## WHAT TO PRODUCE
Give a verbatim copy of the data, leaving the pictures out.

## DATA SEGMENT
··········
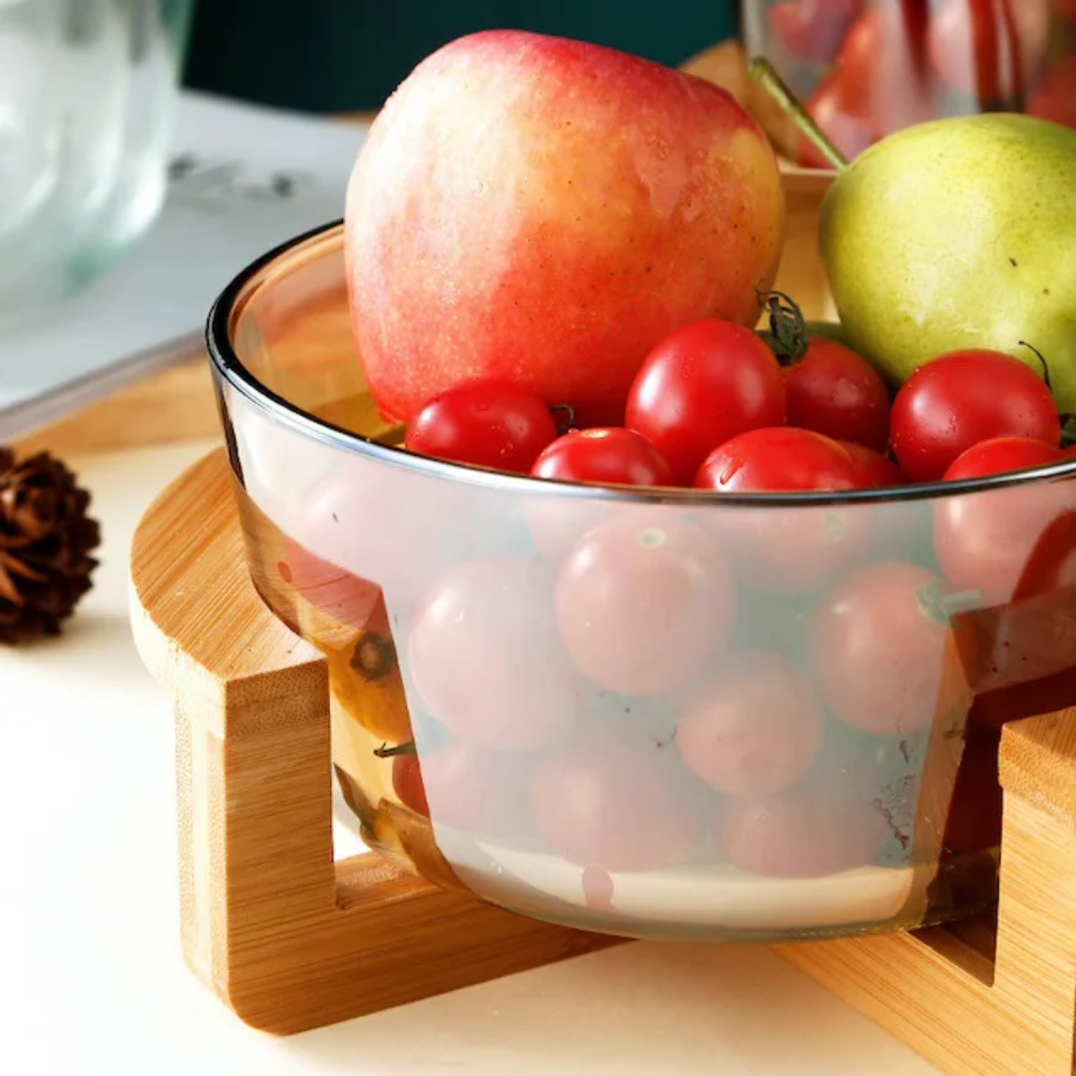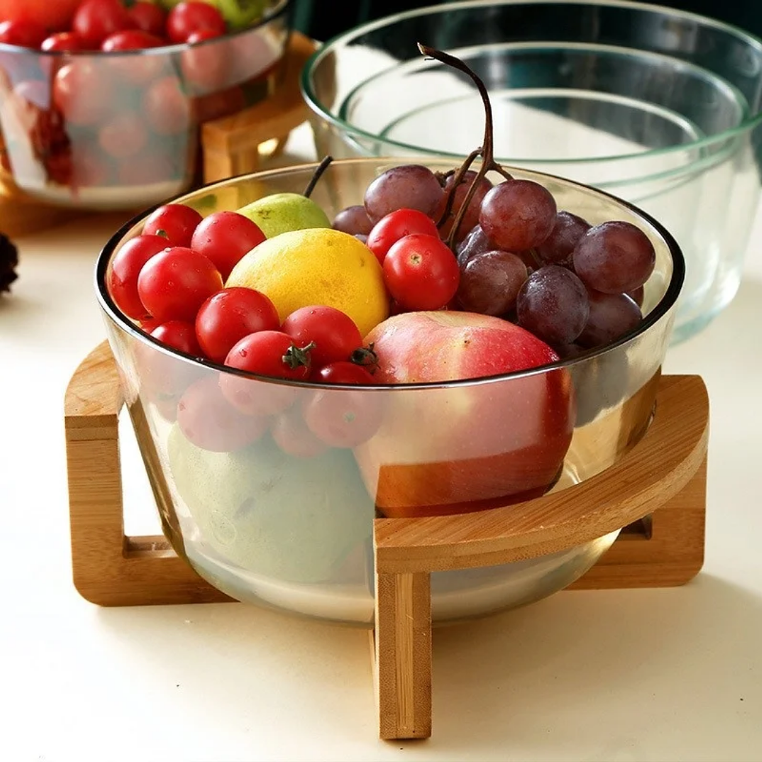 Add a touch of modern elegance to your dining experience with this Glass Salad Bowl with Wooden Base. Crafted from high-quality clear glass, it beautifully showcases your salads, fruits, or desserts, while the sturdy wooden stand adds warmth and stability. Perfect for both everyday meals and special occasions, this bowl combines functionality with aesthetic appeal. A great addition to any Kenyan kitchen or dining table, ideal for serving guests in style.
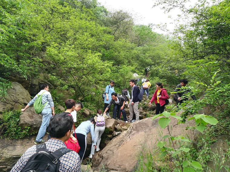 随后,同学们前往相邻的麒麟山顶进行林地解译实践。由于前一天晚上下雨,地面湿滑,林木丛生,碎石较多,山路也较陡峭,愈到山顶,水汽愈重,可谓困难重重。一路上同学们互帮互助,不断坚持。老师们也在沿途耐心讲解,保护同学们的安全。鼓励和笑语中,一行人最终顺利到达山顶。
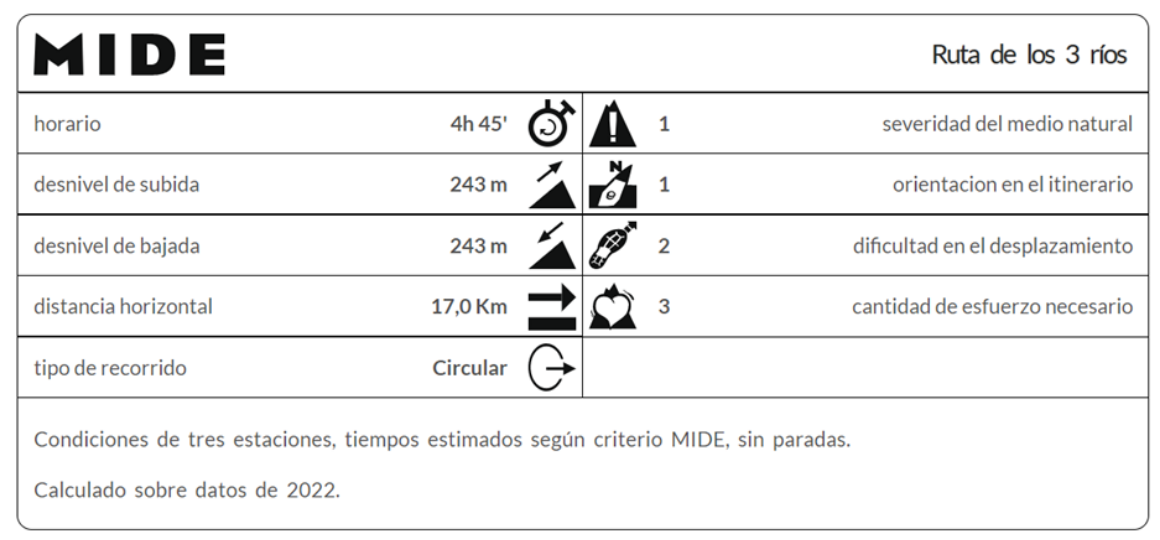 Dificultad de la ruta según sistema MIDE: 3 de 5 (cada uno debe valorar su preparación física para la realización de la actividad)
··········
## TASK ANSWER
 Add a touch of modern elegance to your dining experience with this Glass Salad Bowl with Wooden Base. Crafted from high-quality clear glass, it beautifully showcases your salads, fruits, or desserts, while the sturdy wooden stand adds warmth and stability. Perfect for both everyday meals and special occasions, this bowl combines functionality with aesthetic appeal. A great addition to any Kenyan kitchen or dining table, ideal for serving guests in style.
 随后,同学们前往相邻的麒麟山顶进行林地解译实践。由于前一天晚上下雨,地面湿滑,林木丛生,碎石较多,山路也较陡峭,愈到山顶,水汽愈重,可谓困难重重。一路上同学们互帮互助,不断坚持。老师们也在沿途耐心讲解,保护同学们的安全。鼓励和笑语中,一行人最终顺利到达山顶。
 Dificultad de la ruta según sistema MIDE: 3 de 5 (cada uno debe valorar su preparación física para la realización de la actividad)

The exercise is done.